Я люблю свою сестричку. Правда.
Ее невозможно не любить.
В таком я никому не могу признаться. По крайней мере не вслух. Не предполагается, что парни должны любить своих младших сестер. Мы можем за ними присматривать. Стращать поклонников, которых они приводят домой (хотя я надеюсь, у нас с Лале в этом смысле еще есть несколько лет в запасе). Но мы не можем говорить, что любим их. Не можем признаваться, что устраиваем с ними чаепития и играем в куклы. Как-то это не по-мужски.
Но я играю с Лале в куклы. И устраиваю с ней чаепития (хотя я настаиваю на реальном, а не воображаемом чае, и уж точно не из «Чайного рая»).
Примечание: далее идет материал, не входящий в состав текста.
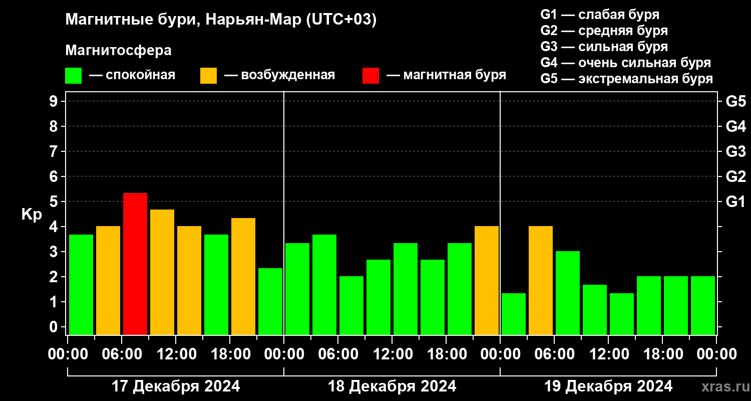 Магнитные бури в Нарьян-Маре — 19 декабря 2024 года
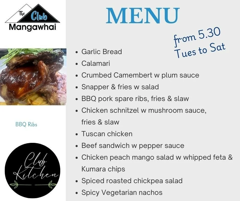 Check out Club kitchen at The Mangawhai Club on Facebook for updates.
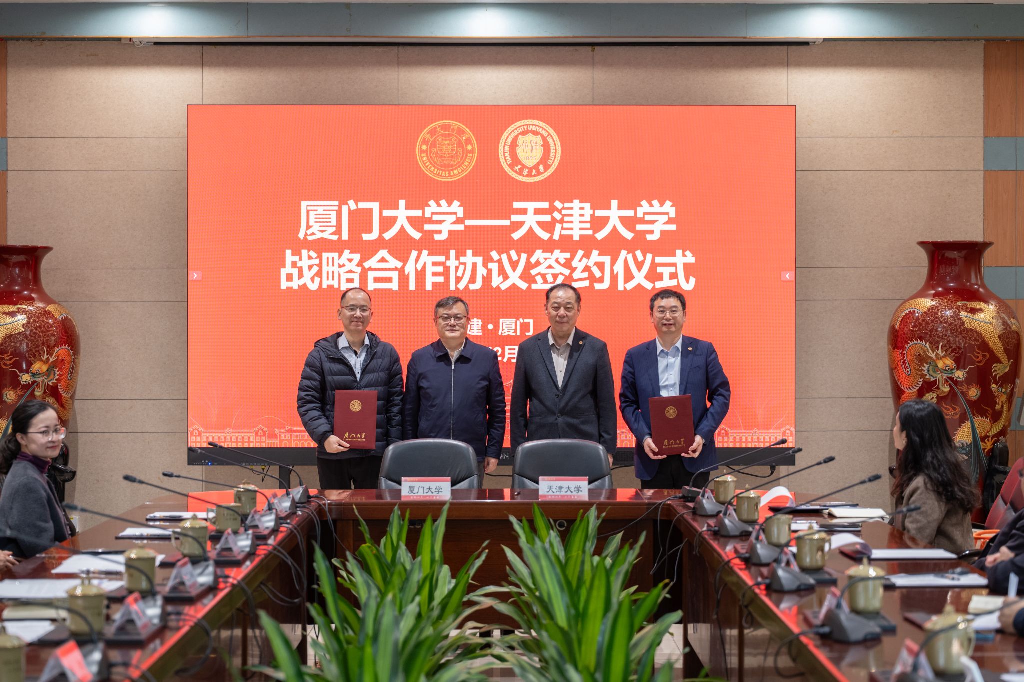 2月7日,厦门大学与天津大学签署战略合作协议。天津大学党委书记杨贤金,党委常委、副校长王天友,厦门大学党委书记、中国科学院院士张荣,校长、中国科学院院士胡文平,党委常委、副校长尤延铖出席签约仪式。
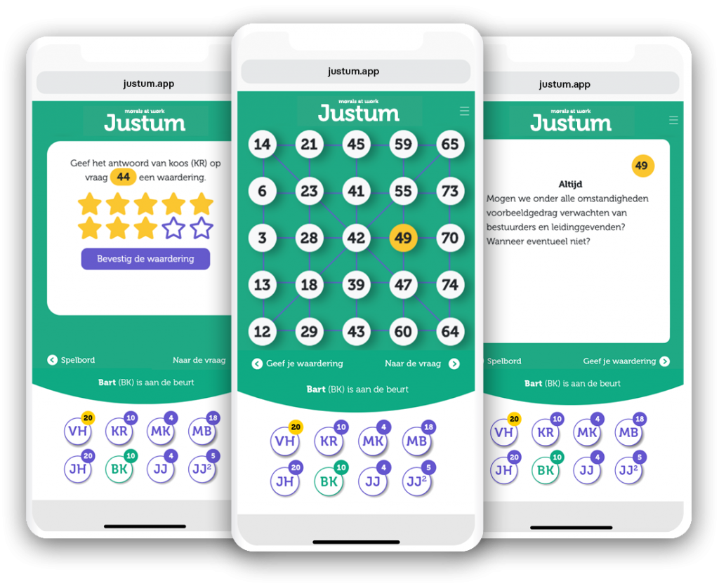 Justum is een online spel dat dilemma’s gebruikt om met elkaar in gesprek te gaan over lastige kwesties op het werk. Dat kunnen integriteitskwesties zijn, of zaken die de ontwikkelingen in je werk remmen. Soms gaat het over teamsamenwerking en leiderschap, dan weer over belangenverstrengeling, of ongewenste omgangsvormen en uitsluiting. Alles waar je last van kunt hebben op je werk komt aan bod.

И мне совсем не стыдно.
Я просто об этом никому не рассказываю.
Это нормально.
Правда ведь?
В конце концов история Лале себя исчерпала, и сестренка начала ложкой закидывать спагетти себе в рот. Она всегда резала спагетти, вместо того чтобы накручивать их на вилку, что, по-моему, полностью лишает спагетти смысла.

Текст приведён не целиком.